1.3 Experimental results
The algorithm was written in TensorFlow. github:/mrahtz/learning-from-human-preferences (doesn't seem to be official code...)
- preference Some are typed by humans, others by scripted teachers.
- Appendix B has some prompts for humans to type preference, which is interesting.
- scripted teacher: replace the true reward of the task with the true reward of the task in equation (1) above.\(\hat r\)The preference is generated in the reverse direction.
- In the MuJoCo experiment, real reward, 1400 700 350 scripted teacher queries, and 750 human queries were used.
- (Personally, I understand that the 750 human queries here contain fewer than 750 labels, since humans should just throw away any query that they find incomparable)
- In the MuJoCo experiment, many of the tasks took 1e7 steps, which is very slow compared to pebble; pebble can be learned in 1e6 steps.
- The Atari experiment used real reward, 10k 5.6k 3.3k scripted teacher queries, and 5.5k human queries (a lot of human label ...... This took a long time to type out; such an extensive experiment! This is solid work.)

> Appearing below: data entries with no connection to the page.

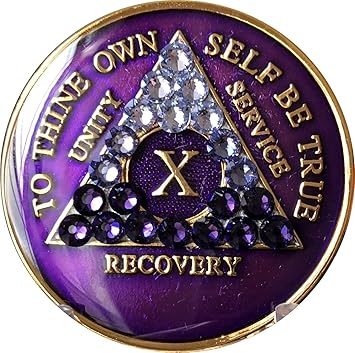 1 - 10 Year AA Medallion Reflex Glitter Lavender Purple Gold Plated Sobriety Chip. To order by phone call 01723 362111. 1 2 3 4 5 6 7 8 9 or 10 Year AA Medallion Antique Bronze And Blue Alcoholics Anonymous Sobriety Chip.
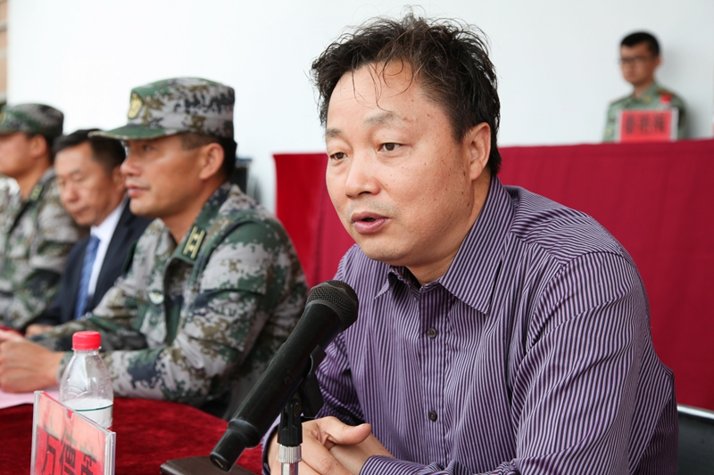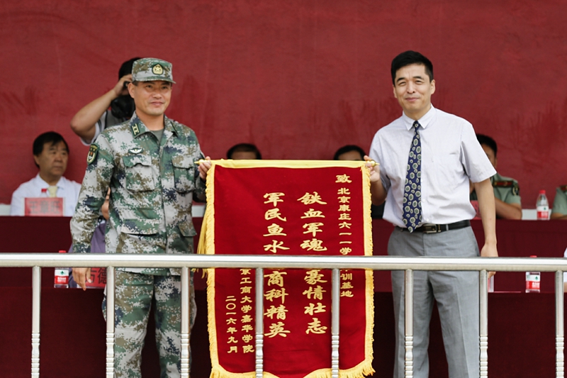 典禮上,出席大會的領導為軍訓教官贈送了紀念品,嘉華學院黨委書記張曉磊向北京康莊611訓練基地贈送了錦旗。
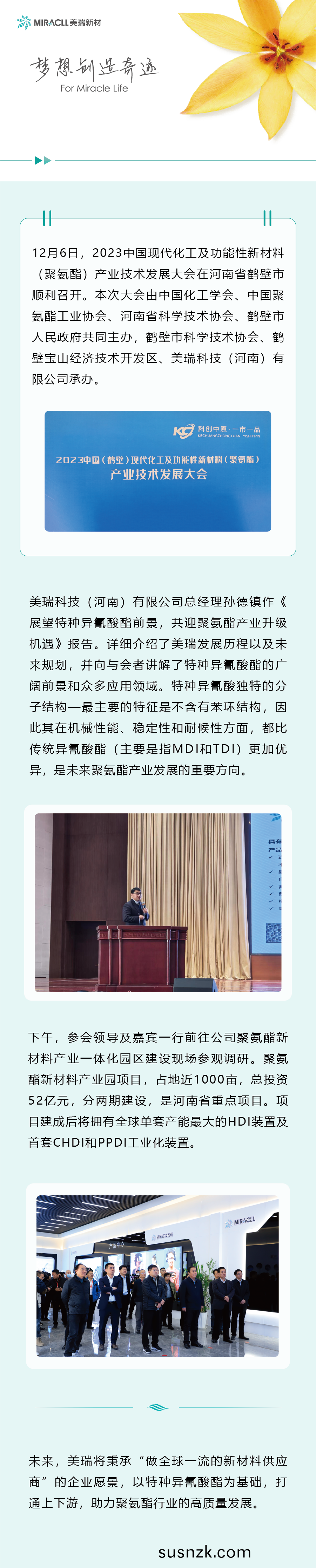 美瑞(rui)新材料股份有限公(gong)司(股票代码:300848),是国内领先的聚氨酯材料(TPU、PUR、PUD等)、功能化工品原料(特种异(yi)氰酸酯(zhi)、特(te)种胺等)及全生(sheng)物降解类(lei)材料(PBS等)生(sheng)产企业和国家高新技术企业。产品广泛应用于3C电子、医疗健(jian)康、个(ge)人护理(li)、汽车(che)制造、运动休闲、工业(ye)装备、绿色(se)能源、家居生活(huo)、3D打(da)印等(deng)领域。

- These experiments did not lead to the conclusion that human labeling is better than scripted teacher, and the paper says that this may be because humans make mistakes, and different humans have different labeling guidelines.
- Some details of the experiments in Appendix A:
- Some environments end the episode early, such as when the agent falls down, dies, or reaches its destination (?). They claimed that this done signal might provide task information, so they magically altered the environment to avoid variable episode lengths (?). So that the agent gets a big penalty when it dies, or the agent just resets the env when it reaches its destination instead of doing it (?).
- In MuJoCo, 25% of queries are hit directly before the start of the experiment with a random policy, and then preference is hit at a rate that decreases over time; segment length = 15 - 60, depending on the specific task.
- In Atari, the reward model and the policy have the same input, which is a convolutional network for processing images (for no apparent reason, I've heard that the main contribution of DPO is that it can eliminate the reward model of LLM RLHF, because the reward model is supposed to be the same size as the policy, so eliminating it saves a lot of video memory).
- Atari actually runs A3C, hitting 500 queries with segment length = 25 before the experiment starts.
- Section 3.2 also learns the novel behavior of the hopper backflip in MuJoCo, which, according to the article, ensures that the hopper lands on its feet after the backflip. This was learned using 900 human queries, and there are other novel behaviors in Section 3.2.
- A very thorough ablation study was done in Section 3.3, which found that segment length = 1 seems to deteriorate performance, that the reward model does not have much effect without regularization, that changing query selection to random does not seem to have much effect, and that it is better to update the policy while taking the newest trajectory and hitting it with a preference.
02 PrefPPO Implementation in PEBBLE
The PrefPPO implementation in PEBBLE directly modifies stable_baselines3's PPO model; they wrote a new class called PPO_REWARD, which encapsulates all interactions with the reward model in the () function.
2.1 How the reward model is constructed
Same as pebble's reward model.
If the state and action are continuous (like a regular cheetah walker), then concatenate the state and action as inputs to the reward model.
If the state is an image and the action is discrete (like the Pong environment in Christiano's 2017 paper), then (following Christiano's 2017 reproduction code), ...... seems to take the state image and calculate the reward directly, without concat a one-hot action or numerical action.
2.2 PPO_REWARD's ()
The general flow of PPO: collect rollout → calculate advantage of rollout and so on → calculate loss and backward → collect new rollout...
In the process of collecting the rollout, PrefPPO replaces the real task reward to be collected by the\(\hat r\) and add the rollout data to the query's options.
Before and after collecting the rollout, it seems that there is a call to learn_reward() function to train the reward model, this function first collects query, and then takes the collected query to learn the reward model. basically the same as pebble.